As of Monday, an annual Xbox Live Gold subscription costs $60 a year, a 20 percent jump from Sunday, when it was $50. Microsoft is here to assure you that the inflation is in your best interest, and necessary for the company to keep pace with its rising costs to do something or other.
In a Gamasutra interview, a Microsoft marketing director rationalizes the price enhancement:
Back in 2002, we launched at 49 bucks, which works out to about $4.17 a month, and we’ve held steady for that entire time. Now what we’ve always been very passionate about is that quality needs to be there, but more importantly, the consistency. So if I’m playing Halo: Reach, Gears of War, Call of Duty, the consistency of the service and the experience needs to be there regardless of what that entertainment application is.

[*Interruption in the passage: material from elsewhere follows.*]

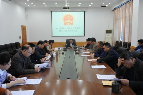 会议听取了县第十八届人大常委会第13次会议议题调研情况汇报:关于2017年地方政府债务限额的审查情况;关于《四川省饮用水水源保护条例》贯彻实施情况执法检查审议意见贯彻落实情况;关于“城市建设与管理”专题询问整改落实调查情况;关于《县人民政府关于通江县人民政府与巴中市秦巴融资担保股份有限公司产业扶贫“政融保”项目合作的议案》的审查情况;关于《县人民政府关于征收补偿华润燃气门站加气站的议案》的审查情况;人事任免及其他事项。

So that has been critical. As you can imagine, the costs associated with maintaining a service at that level and making sure all of those features are consistent, we’re hitting that quality bar, we’re adding the customer service infrastructure necessary, we’re accommodating all of the same social features and functionality too, there’s a cost. Infrastructure costs, of course. And we’re continuing to bring more and more content.
Now in 2002, it was strictly multiplayer gaming. Now we get those Call of Duty map packs before anybody else does. We’ve got Gears and Halo, of course, as exclusives. We continue to get exclusives on the service as well. And we’ve gone from 400,000 members in our first year to 25 million.
So during that time, we’ve definitely got to fund it, and we want to add more and more and more. ESPN is a great example. No extra charge for Xbox Live Gold members. But we want to continue to bring that content in. We also want to continue to innovate on all dimensions, whether it’s social, entertainment, or gaming. So there you go.
To be fair, the internet, which also offers ESPN 3 and Netflix streaming access, raised its price 20 percent, from $0 to $0. So this all totally makes sense and is in no way price gouging.